DIRECTIONS FOR THIS TASK: A picture-free, exact reproduction of the listing that follows is required.

[[ DATA EXTRACT, beginning ]]

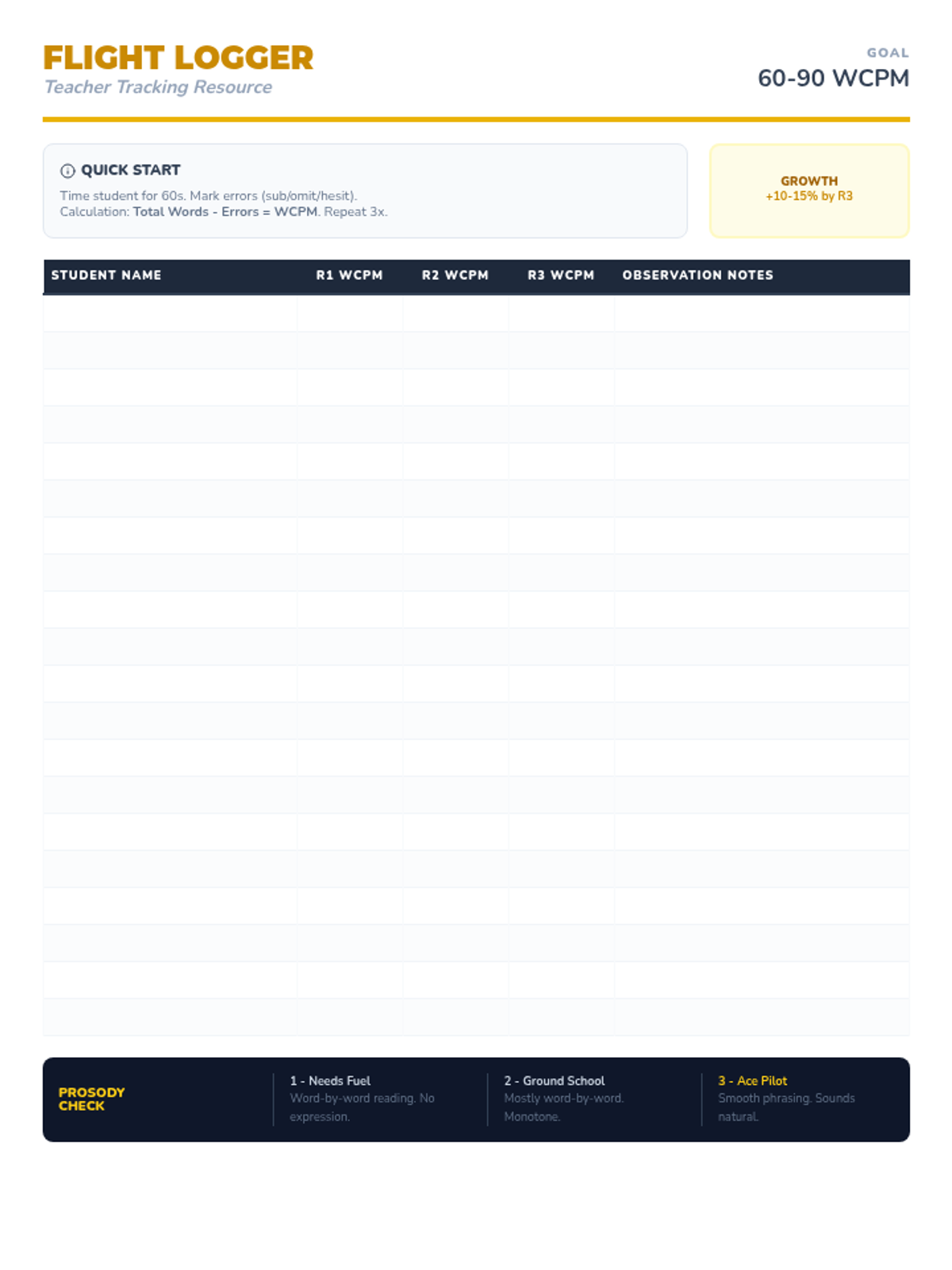 A teacher tracking resource for recording student reading rates (WCPM) across multiple attempts, including instructions and a quick prosody rubric. Revised to fit 20 students on a single page.
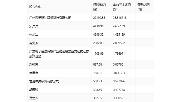 年报显示,2023年年末公司十大流通股东中,新进股东为广发电子信息传媒产业精选股票型发起式证券投资基金、郑钟南、万金安,取代了三季度末的长江证券股份有限公司、陈丽明、李雨时。在具体持股比例上,冷勇燕持股有所上升,广州市昊盟计算机科技有限公司、宋洋洋、何烈军、香港中央结算有限公司持股有所下降。
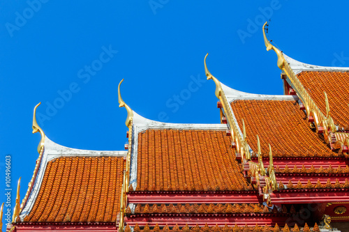 Traditional Thai style Stucco & Naga, Wood Carving Tympanum of Thai Roof Temple at Wat Benchamabopit Dusitvanaram in Bangkok, Thailand
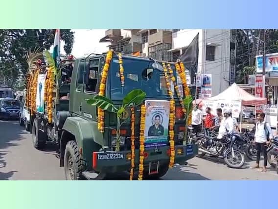 कराड (जि. सातारा) : सातारा जिल्ह्यातील (Satara News) कराडमधील (Karad) हुतात्मा नायब सुभेदार शंकर बसाप्पा उकलीकर (वय 38) यांना आज शेकडोंच्या नागिरकांच्या उपस्थितीत अखेरचा निरोप दिला. वीर जवान तुझे सलाम, शहीद जवान अमर रहे अशा घोषणा देत त्यांच्या पार्थिवाचे अखेरचे दर्शन घेण्यासाठी मोठी गर्दी झाली होती. यावेळी रस्त्याच्या दुतर्फा मोठी गर्दी झाली होती. कराडपासून वसंतगडपर्यंत 10 किमी अंत्ययात्रा काढण्यात आली. यावेळी शेकडो नागरिका सहभागी झाले होते. कराडच्या विजय दिवस चौकात त्यांच्या पार्थिवावर माजी मुख्यमंत्री आमदार पृथ्वीराज चव्हाण (Prithviraj Chavan) यांनी पुष्पचक्र अर्पण केल्यानंतर त्यांचे पार्थिव त्यांच्या मूळ गावी वसंतगडला त्यांची अंत्ययात्रा काढून नेण्यात आले.

[[ DATA EXTRACT, end ]]

WRITTEN SOLUTION:
 A teacher tracking resource for recording student reading rates (WCPM) across multiple attempts, including instructions and a quick prosody rubric. Revised to fit 20 students on a single page.
 年报显示,2023年年末公司十大流通股东中,新进股东为广发电子信息传媒产业精选股票型发起式证券投资基金、郑钟南、万金安,取代了三季度末的长江证券股份有限公司、陈丽明、李雨时。在具体持股比例上,冷勇燕持股有所上升,广州市昊盟计算机科技有限公司、宋洋洋、何烈军、香港中央结算有限公司持股有所下降。
 Traditional Thai style Stucco & Naga, Wood Carving Tympanum of Thai Roof Temple at Wat Benchamabopit Dusitvanaram in Bangkok, Thailand
 कराड (जि. सातारा) : सातारा जिल्ह्यातील (Satara News) कराडमधील (Karad) हुतात्मा नायब सुभेदार शंकर बसाप्पा उकलीकर (वय 38) यांना आज शेकडोंच्या नागिरकांच्या उपस्थितीत अखेरचा निरोप दिला. वीर जवान तुझे सलाम, शहीद जवान अमर रहे अशा घोषणा देत त्यांच्या पार्थिवाचे अखेरचे दर्शन घेण्यासाठी मोठी गर्दी झाली होती. यावेळी रस्त्याच्या दुतर्फा मोठी गर्दी झाली होती. कराडपासून वसंतगडपर्यंत 10 किमी अंत्ययात्रा काढण्यात आली. यावेळी शेकडो नागरिका सहभागी झाले होते. कराडच्या विजय दिवस चौकात त्यांच्या पार्थिवावर माजी मुख्यमंत्री आमदार पृथ्वीराज चव्हाण (Prithviraj Chavan) यांनी पुष्पचक्र अर्पण केल्यानंतर त्यांचे पार्थिव त्यांच्या मूळ गावी वसंतगडला त्यांची अंत्ययात्रा काढून नेण्यात आले.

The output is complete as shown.